EXERCISE AIM: Would you retype every record below exactly as written?

====== SUPPLIED DATA

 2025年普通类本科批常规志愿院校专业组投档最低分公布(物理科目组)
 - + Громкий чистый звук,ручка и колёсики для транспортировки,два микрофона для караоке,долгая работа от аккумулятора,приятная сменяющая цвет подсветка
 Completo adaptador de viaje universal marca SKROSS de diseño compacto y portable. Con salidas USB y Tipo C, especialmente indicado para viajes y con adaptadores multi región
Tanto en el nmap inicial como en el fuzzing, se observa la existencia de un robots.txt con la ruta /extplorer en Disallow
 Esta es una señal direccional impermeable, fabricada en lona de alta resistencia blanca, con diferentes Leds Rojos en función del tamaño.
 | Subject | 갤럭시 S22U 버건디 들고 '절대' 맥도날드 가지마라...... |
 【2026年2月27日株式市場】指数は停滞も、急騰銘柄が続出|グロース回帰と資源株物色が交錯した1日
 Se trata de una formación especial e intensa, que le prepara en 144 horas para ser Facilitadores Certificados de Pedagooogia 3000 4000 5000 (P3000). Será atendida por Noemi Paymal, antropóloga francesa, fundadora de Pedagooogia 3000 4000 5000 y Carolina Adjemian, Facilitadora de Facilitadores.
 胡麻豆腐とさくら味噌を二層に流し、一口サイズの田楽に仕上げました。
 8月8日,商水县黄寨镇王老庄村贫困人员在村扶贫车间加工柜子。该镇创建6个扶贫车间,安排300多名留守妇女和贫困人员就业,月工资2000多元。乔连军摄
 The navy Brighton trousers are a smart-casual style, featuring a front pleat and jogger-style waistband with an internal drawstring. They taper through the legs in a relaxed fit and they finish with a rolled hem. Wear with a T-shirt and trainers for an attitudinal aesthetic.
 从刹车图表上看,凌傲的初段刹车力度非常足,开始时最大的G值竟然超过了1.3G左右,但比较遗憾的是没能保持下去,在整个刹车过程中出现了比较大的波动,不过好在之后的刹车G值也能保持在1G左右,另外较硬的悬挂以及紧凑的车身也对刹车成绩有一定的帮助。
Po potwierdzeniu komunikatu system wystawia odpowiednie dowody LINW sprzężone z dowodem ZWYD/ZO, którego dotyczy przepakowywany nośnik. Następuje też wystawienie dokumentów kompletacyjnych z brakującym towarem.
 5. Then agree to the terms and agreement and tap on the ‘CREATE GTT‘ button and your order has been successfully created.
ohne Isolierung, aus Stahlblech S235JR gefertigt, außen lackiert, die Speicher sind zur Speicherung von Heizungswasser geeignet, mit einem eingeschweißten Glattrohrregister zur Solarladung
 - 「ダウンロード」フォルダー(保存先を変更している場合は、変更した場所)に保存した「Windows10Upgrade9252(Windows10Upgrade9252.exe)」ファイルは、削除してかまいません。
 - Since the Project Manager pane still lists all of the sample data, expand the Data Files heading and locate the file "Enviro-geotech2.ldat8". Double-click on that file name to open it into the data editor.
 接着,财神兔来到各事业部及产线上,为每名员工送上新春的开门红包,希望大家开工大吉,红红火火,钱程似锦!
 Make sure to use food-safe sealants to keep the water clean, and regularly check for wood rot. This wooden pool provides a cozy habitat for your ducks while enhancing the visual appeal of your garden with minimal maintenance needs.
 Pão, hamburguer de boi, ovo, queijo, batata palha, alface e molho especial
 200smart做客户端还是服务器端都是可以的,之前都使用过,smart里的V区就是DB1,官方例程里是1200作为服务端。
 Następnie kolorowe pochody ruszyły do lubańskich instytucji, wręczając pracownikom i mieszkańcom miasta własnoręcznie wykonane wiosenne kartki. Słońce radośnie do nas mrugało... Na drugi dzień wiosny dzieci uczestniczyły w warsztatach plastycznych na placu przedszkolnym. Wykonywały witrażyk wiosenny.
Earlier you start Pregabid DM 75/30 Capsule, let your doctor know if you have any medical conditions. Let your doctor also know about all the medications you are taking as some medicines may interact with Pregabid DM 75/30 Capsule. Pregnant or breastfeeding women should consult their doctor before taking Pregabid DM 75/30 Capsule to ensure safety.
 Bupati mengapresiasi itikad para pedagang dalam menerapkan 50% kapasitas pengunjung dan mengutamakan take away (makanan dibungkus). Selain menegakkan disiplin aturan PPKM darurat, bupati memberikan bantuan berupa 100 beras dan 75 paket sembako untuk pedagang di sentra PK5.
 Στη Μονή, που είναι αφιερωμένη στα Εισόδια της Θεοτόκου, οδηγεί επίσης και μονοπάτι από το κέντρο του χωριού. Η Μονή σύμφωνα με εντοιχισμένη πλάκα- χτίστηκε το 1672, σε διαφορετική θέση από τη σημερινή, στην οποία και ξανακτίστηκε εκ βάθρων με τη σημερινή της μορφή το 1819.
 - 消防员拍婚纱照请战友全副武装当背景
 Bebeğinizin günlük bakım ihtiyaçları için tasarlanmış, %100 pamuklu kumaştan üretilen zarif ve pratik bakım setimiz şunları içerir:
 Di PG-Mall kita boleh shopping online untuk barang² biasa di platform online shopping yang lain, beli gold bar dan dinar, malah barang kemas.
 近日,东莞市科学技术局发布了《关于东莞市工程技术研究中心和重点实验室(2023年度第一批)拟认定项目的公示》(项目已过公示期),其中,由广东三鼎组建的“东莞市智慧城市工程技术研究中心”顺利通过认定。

============

ANSWER AREA:
 2025年普通类本科批常规志愿院校专业组投档最低分公布(物理科目组)
 - + Громкий чистый звук,ручка и колёсики для транспортировки,два микрофона для караоке,долгая работа от аккумулятора,приятная сменяющая цвет подсветка
 Completo adaptador de viaje universal marca SKROSS de diseño compacto y portable. Con salidas USB y Tipo C, especialmente indicado para viajes y con adaptadores multi región
Tanto en el nmap inicial como en el fuzzing, se observa la existencia de un robots.txt con la ruta /extplorer en Disallow
 Esta es una señal direccional impermeable, fabricada en lona de alta resistencia blanca, con diferentes Leds Rojos en función del tamaño.
 | Subject | 갤럭시 S22U 버건디 들고 '절대' 맥도날드 가지마라...... |
 【2026年2月27日株式市場】指数は停滞も、急騰銘柄が続出|グロース回帰と資源株物色が交錯した1日
 Se trata de una formación especial e intensa, que le prepara en 144 horas para ser Facilitadores Certificados de Pedagooogia 3000 4000 5000 (P3000). Será atendida por Noemi Paymal, antropóloga francesa, fundadora de Pedagooogia 3000 4000 5000 y Carolina Adjemian, Facilitadora de Facilitadores.
 胡麻豆腐とさくら味噌を二層に流し、一口サイズの田楽に仕上げました。
 8月8日,商水县黄寨镇王老庄村贫困人员在村扶贫车间加工柜子。该镇创建6个扶贫车间,安排300多名留守妇女和贫困人员就业,月工资2000多元。乔连军摄
 The navy Brighton trousers are a smart-casual style, featuring a front pleat and jogger-style waistband with an internal drawstring. They taper through the legs in a relaxed fit and they finish with a rolled hem. Wear with a T-shirt and trainers for an attitudinal aesthetic.
 从刹车图表上看,凌傲的初段刹车力度非常足,开始时最大的G值竟然超过了1.3G左右,但比较遗憾的是没能保持下去,在整个刹车过程中出现了比较大的波动,不过好在之后的刹车G值也能保持在1G左右,另外较硬的悬挂以及紧凑的车身也对刹车成绩有一定的帮助。
Po potwierdzeniu komunikatu system wystawia odpowiednie dowody LINW sprzężone z dowodem ZWYD/ZO, którego dotyczy przepakowywany nośnik. Następuje też wystawienie dokumentów kompletacyjnych z brakującym towarem.
 5. Then agree to the terms and agreement and tap on the ‘CREATE GTT‘ button and your order has been successfully created.
ohne Isolierung, aus Stahlblech S235JR gefertigt, außen lackiert, die Speicher sind zur Speicherung von Heizungswasser geeignet, mit einem eingeschweißten Glattrohrregister zur Solarladung
 - 「ダウンロード」フォルダー(保存先を変更している場合は、変更した場所)に保存した「Windows10Upgrade9252(Windows10Upgrade9252.exe)」ファイルは、削除してかまいません。
 - Since the Project Manager pane still lists all of the sample data, expand the Data Files heading and locate the file "Enviro-geotech2.ldat8". Double-click on that file name to open it into the data editor.
 接着,财神兔来到各事业部及产线上,为每名员工送上新春的开门红包,希望大家开工大吉,红红火火,钱程似锦!
 Make sure to use food-safe sealants to keep the water clean, and regularly check for wood rot. This wooden pool provides a cozy habitat for your ducks while enhancing the visual appeal of your garden with minimal maintenance needs.
 Pão, hamburguer de boi, ovo, queijo, batata palha, alface e molho especial
 200smart做客户端还是服务器端都是可以的,之前都使用过,smart里的V区就是DB1,官方例程里是1200作为服务端。
 Następnie kolorowe pochody ruszyły do lubańskich instytucji, wręczając pracownikom i mieszkańcom miasta własnoręcznie wykonane wiosenne kartki. Słońce radośnie do nas mrugało... Na drugi dzień wiosny dzieci uczestniczyły w warsztatach plastycznych na placu przedszkolnym. Wykonywały witrażyk wiosenny.
Earlier you start Pregabid DM 75/30 Capsule, let your doctor know if you have any medical conditions. Let your doctor also know about all the medications you are taking as some medicines may interact with Pregabid DM 75/30 Capsule. Pregnant or breastfeeding women should consult their doctor before taking Pregabid DM 75/30 Capsule to ensure safety.
 Bupati mengapresiasi itikad para pedagang dalam menerapkan 50% kapasitas pengunjung dan mengutamakan take away (makanan dibungkus). Selain menegakkan disiplin aturan PPKM darurat, bupati memberikan bantuan berupa 100 beras dan 75 paket sembako untuk pedagang di sentra PK5.
 Στη Μονή, που είναι αφιερωμένη στα Εισόδια της Θεοτόκου, οδηγεί επίσης και μονοπάτι από το κέντρο του χωριού. Η Μονή σύμφωνα με εντοιχισμένη πλάκα- χτίστηκε το 1672, σε διαφορετική θέση από τη σημερινή, στην οποία και ξανακτίστηκε εκ βάθρων με τη σημερινή της μορφή το 1819.
 - 消防员拍婚纱照请战友全副武装当背景
 Bebeğinizin günlük bakım ihtiyaçları için tasarlanmış, %100 pamuklu kumaştan üretilen zarif ve pratik bakım setimiz şunları içerir:
 Di PG-Mall kita boleh shopping online untuk barang² biasa di platform online shopping yang lain, beli gold bar dan dinar, malah barang kemas.
 近日,东莞市科学技术局发布了《关于东莞市工程技术研究中心和重点实验室(2023年度第一批)拟认定项目的公示》(项目已过公示期),其中,由广东三鼎组建的“东莞市智慧城市工程技术研究中心”顺利通过认定。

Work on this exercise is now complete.